● SOURCE MATERIAL
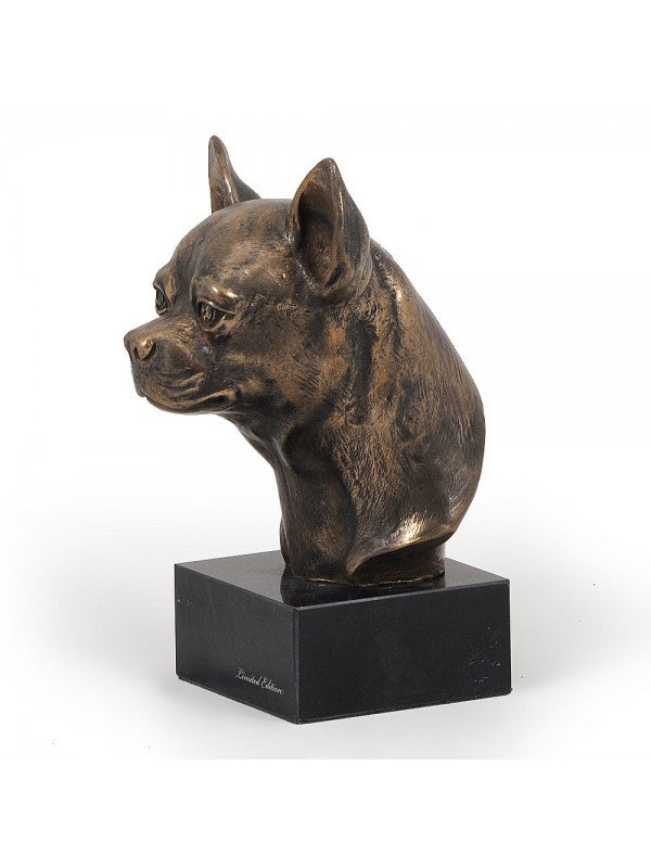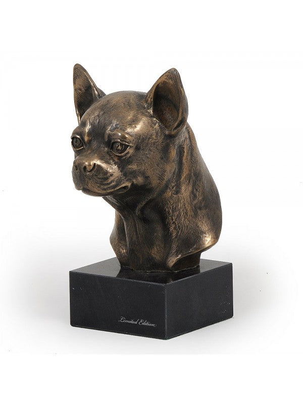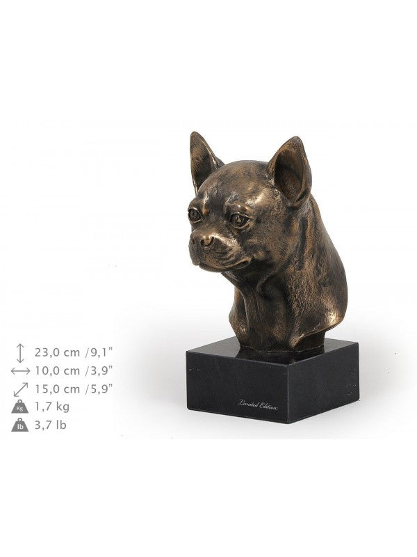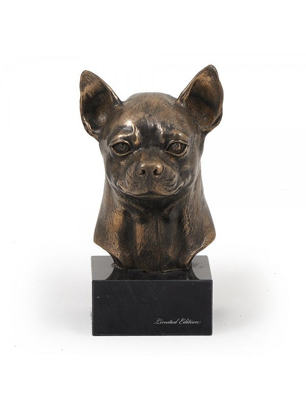 Handgjord Chihuahua korthårig-figurin i kallstöpt brons med interiör i stark kvarts ståendes på marmor i begränsad upplaga.
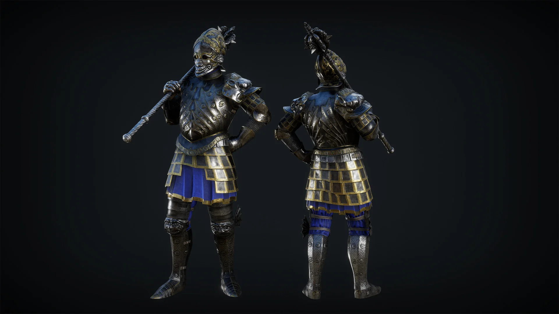 Этот комплект, вдохновленный творениями миланских мастеров эпохи Возрождения, включает двуручную булаву и пугающий комплект гротескных доспехов — воплощение обитателей преисподней в стали.
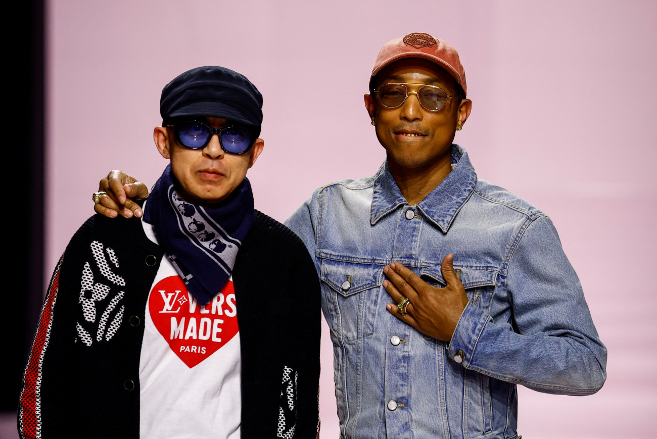 Ο σχεδιαστής και μουσικός Pharrell Williams μαζί με τον Nigo, καλλιτεχνικό σχεδιαστή του Kenzo, με τον οποίο συνδημιουργεί μια συλλογή, στο πλαίσιο της ανδρικής ένδυσης Φθινόπωρο/Χειμώνας 2025-2026 για τον οίκο μόδας Louis Vuitton / REUTERS

● TASK INSTRUCTIONS
An exact copy of all the data above is required; omit any pictures.

● WRITTEN SOLUTION
 Handgjord Chihuahua korthårig-figurin i kallstöpt brons med interiör i stark kvarts ståendes på marmor i begränsad upplaga.
 Этот комплект, вдохновленный творениями миланских мастеров эпохи Возрождения, включает двуручную булаву и пугающий комплект гротескных доспехов — воплощение обитателей преисподней в стали.
 Ο σχεδιαστής και μουσικός Pharrell Williams μαζί με τον Nigo, καλλιτεχνικό σχεδιαστή του Kenzo, με τον οποίο συνδημιουργεί μια συλλογή, στο πλαίσιο της ανδρικής ένδυσης Φθινόπωρο/Χειμώνας 2025-2026 για τον οίκο μόδας Louis Vuitton / REUTERS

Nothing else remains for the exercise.